Nice Work Boys


Early in the Obama Administration, the Economic Plan was sometimes referred to as "Full Employment for Lawyers"....lets go to the scoreboard-

From Bloomberg News:

Citigroup Inc. (C) andJPMorgan Chase & Co. (JPM)were the hardest hit in the first settlements since authorities began a global probe into the rigging of key foreign-exchange benchmarks last year.

Citigroup will pay $1.02 billion to three regulators in the U.S. and U.K., and JPMorgan $6 million less, according to statements from the firms today. They are among six firms that will pay $4.3 billion to four regulators ranging from the U.S. to Switzerland’s Financial Market Supervisory Authority.

Banks and individuals could face further penalties and litigation following the 13-month probe into allegations dealers at the biggest banks colluded with counterparts at other firms to rig benchmarks used by fund managers to determine what they pay for foreign currency. The Justice Department, which is working with the Federal Reserve, and Britain’s Serious Fraud Office are still leading criminal probes into the $5.3 trillion-a-day currency market.


JPMorgan, based in New York, had a $1 billion legal expense in the third quarter which was tied “in large part” to the currency probes, Chief Financial Officer Marianne Lake said on Oct. 14. Zurich-based UBS this week set aside $1.94 billion for litigation provisions and said it’s in talks with the antitrust and criminal divisions of the U.S. Justice Department about currency rigging.

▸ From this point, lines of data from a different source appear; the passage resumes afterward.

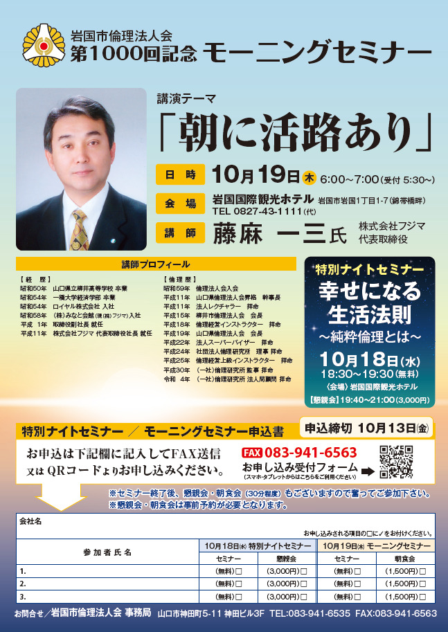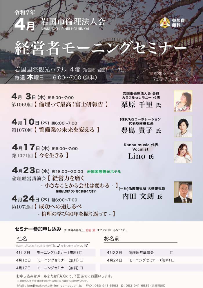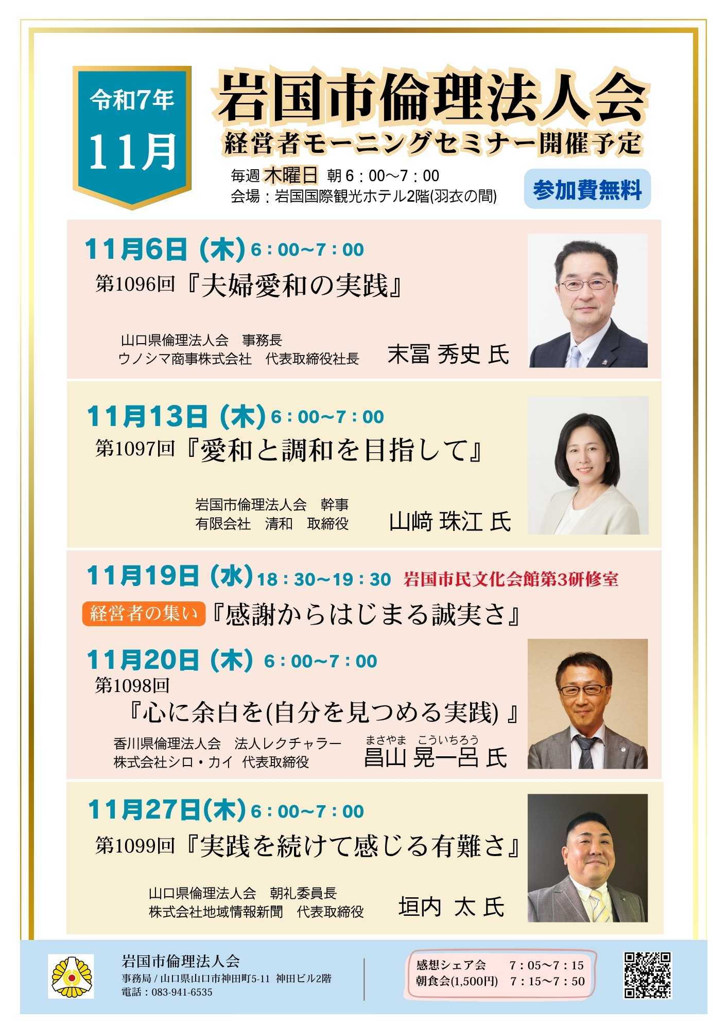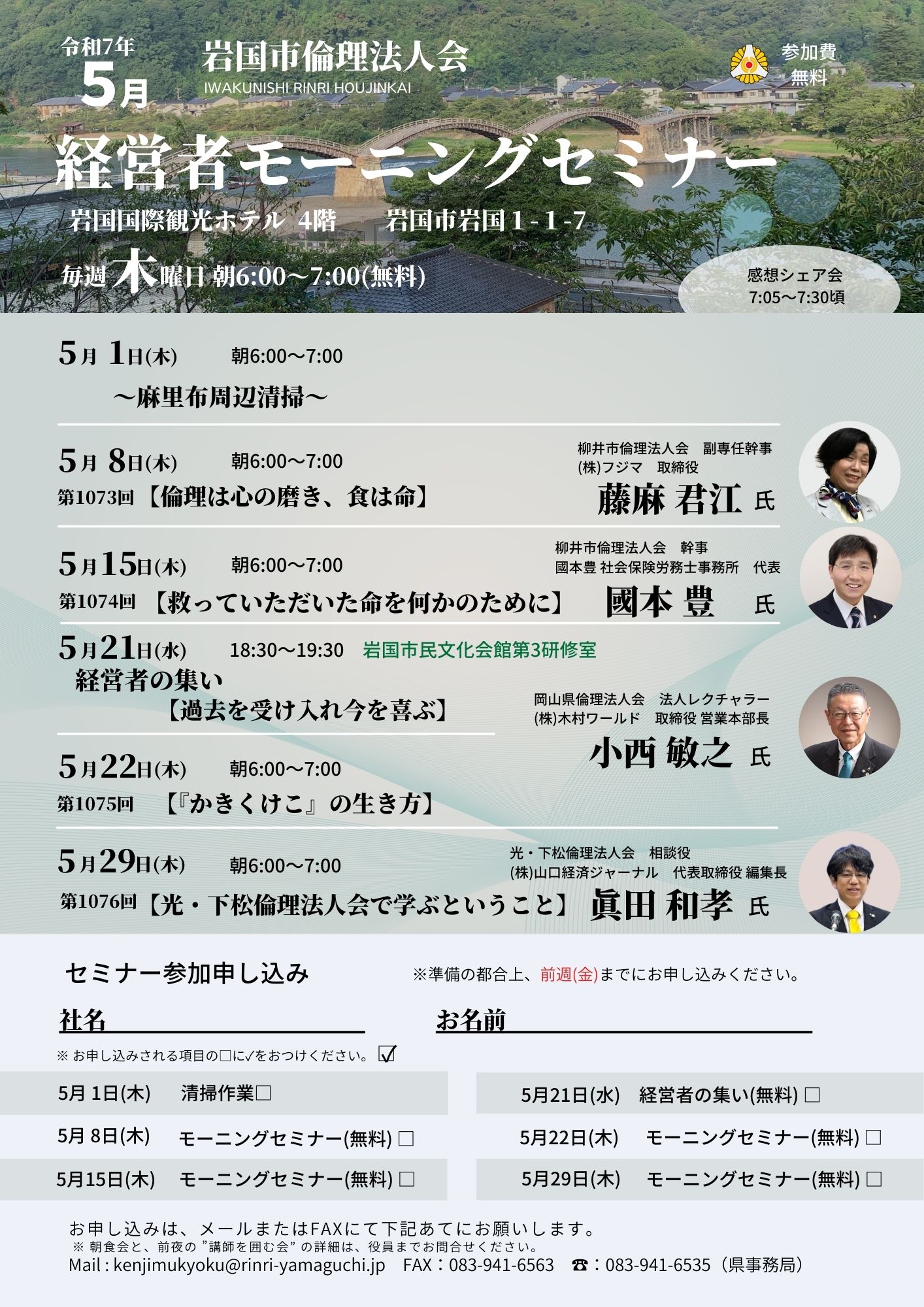 会員スピーチ 岩国市倫理法人会 監査 竹本 幸生
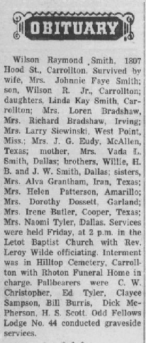 Wilson Raymond Smith, 1807 Hood St., Carrollton. Survived by wife, Mrs.
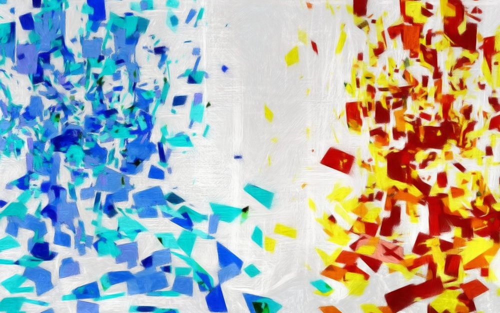 The Destruction Of Humanity II abstract digitale gouache schilderij met vrouwelijk en mannelijke hoofden die geëxplodeerd is op een wit en grijs achtergrond
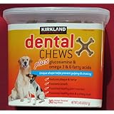 This is one product that works just as advertised. My 3 year-old Cocker spaniel had terrible breath issues and trying to brush her teeth is just a horrible experience and leaves her traumatized. This product has been a godsend. She absolutely loves these things and will chose them over her regular dog treats every time if given a choice. Her breath now is fine and her plaque appears to be reduced as well. It is much cheaper at Costco, a little over $12, so if you have a membership I strongly advise getting them at your local store.Read Best Reviews of Dental Chews Plus Glucosamine & Omega 3 & 6 Fatty Acids, Chicken Flavored Here
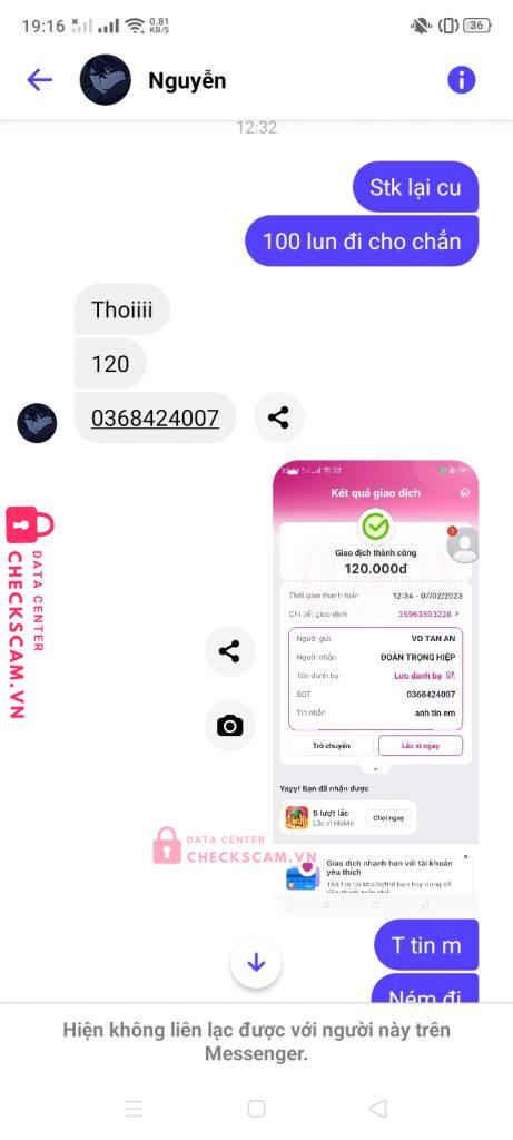 Scammer Alert: Đoàn Trọng Hiệp Reported: November 16, 2024 Scammer Information Full Name: Đoàn Trọng Hiệp Phone Number: 0368424007 Payment Gate: Momo Payment Account: 0368424007 Category: Marketplace scams Source: Checkscam Evidence Files Report Description scam tiền mua acc ạ Comments Your comment Add Comment No comments yet. Be the first to share your experience with this scammer.
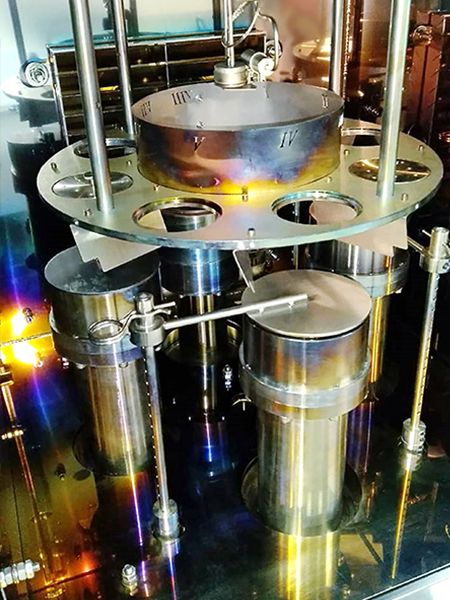 На вакуумной камере установлена дверь загрузки/выгрузки и обслуживания технологических устройств. Подложки устанавливаются в горизонтально расположенный карусельный подложкодержатель – реализована схема напыления «снизу вверх».
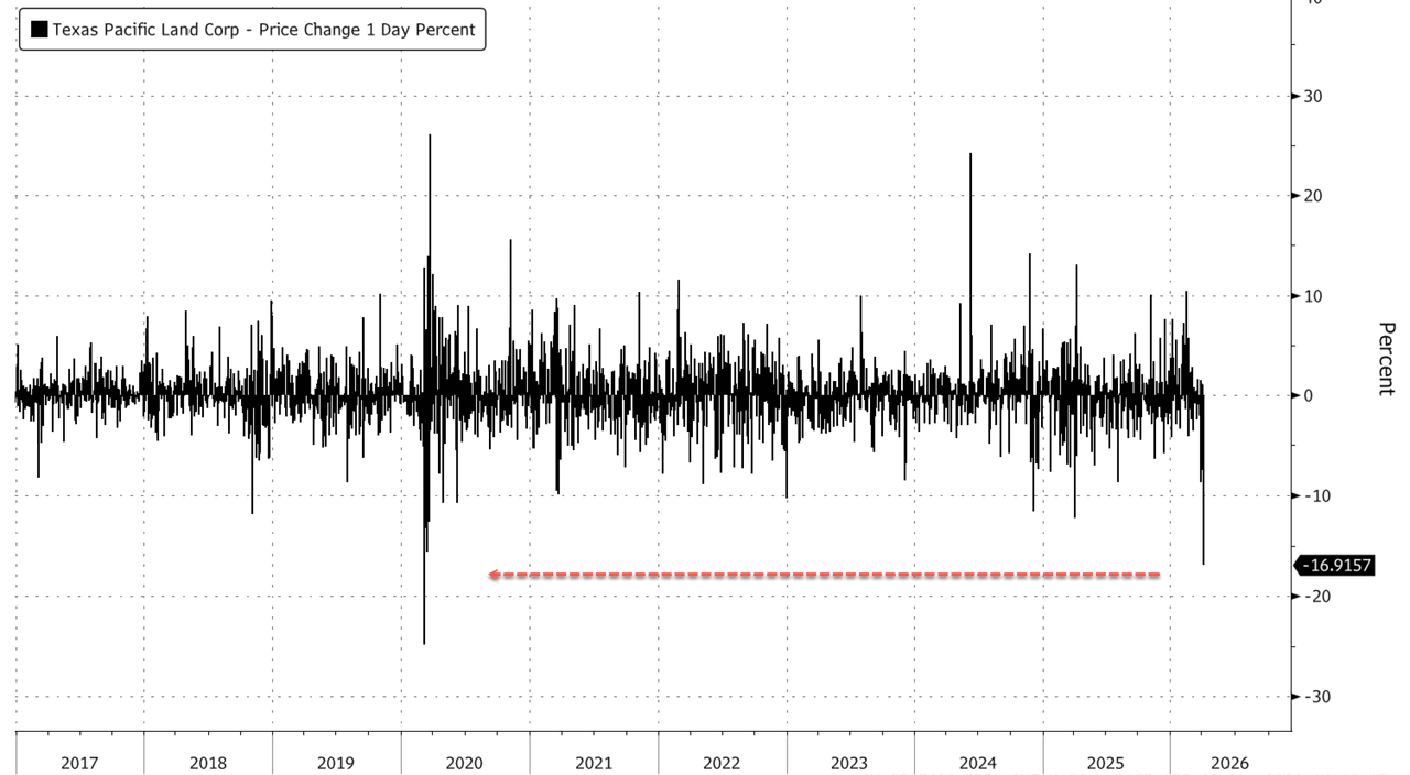 Land-and-royalty company Texas Pacific Land Corp. crashed the most since early Covid after the head of its largest shareholder unexpectedly died.

Deutsche Bank disclosed $1.1 billion of litigation costs for the third quarter, without breaking out individual matters. The Frankfurt-based bank is one of the four biggest currency dealers in the world, along with Citigroup, Barclays and UBS, according to Euromoney Institutional Investor.

In addition to pursuing banks, U.S. prosecutors will probably file charges against individuals in 2015, people familiar with the probe said last month. The Justice Department may seek guilty pleas, including from at least one U.S. firm, one of the people said.

The costs will climb beyond just legal reserves, Citigroup analysts led by Kinner Lakhani said last month. The total bill for fines and other settlements could be as much as $41 billion.